-- Opening Marker --
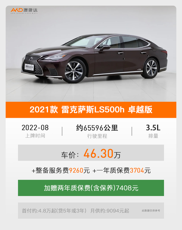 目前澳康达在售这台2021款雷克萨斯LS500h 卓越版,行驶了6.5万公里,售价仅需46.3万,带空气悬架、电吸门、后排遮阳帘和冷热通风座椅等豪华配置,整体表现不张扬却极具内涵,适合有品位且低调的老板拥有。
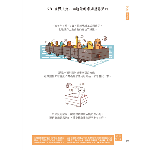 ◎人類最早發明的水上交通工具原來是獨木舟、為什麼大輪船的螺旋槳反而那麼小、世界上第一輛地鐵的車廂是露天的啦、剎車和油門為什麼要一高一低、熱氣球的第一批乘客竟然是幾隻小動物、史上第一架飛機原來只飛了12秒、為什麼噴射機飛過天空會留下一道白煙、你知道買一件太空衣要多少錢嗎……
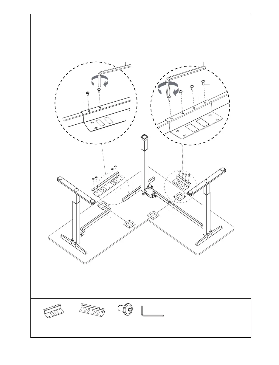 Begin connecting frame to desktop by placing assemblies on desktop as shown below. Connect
-- Closing Marker --
#### What you have to do:
Copy out all of the material exactly as written, without its pictures.

#### Answer to this exercise:
 目前澳康达在售这台2021款雷克萨斯LS500h 卓越版,行驶了6.5万公里,售价仅需46.3万,带空气悬架、电吸门、后排遮阳帘和冷热通风座椅等豪华配置,整体表现不张扬却极具内涵,适合有品位且低调的老板拥有。
 ◎人類最早發明的水上交通工具原來是獨木舟、為什麼大輪船的螺旋槳反而那麼小、世界上第一輛地鐵的車廂是露天的啦、剎車和油門為什麼要一高一低、熱氣球的第一批乘客竟然是幾隻小動物、史上第一架飛機原來只飛了12秒、為什麼噴射機飛過天空會留下一道白煙、你知道買一件太空衣要多少錢嗎……
 Begin connecting frame to desktop by placing assemblies on desktop as shown below. Connect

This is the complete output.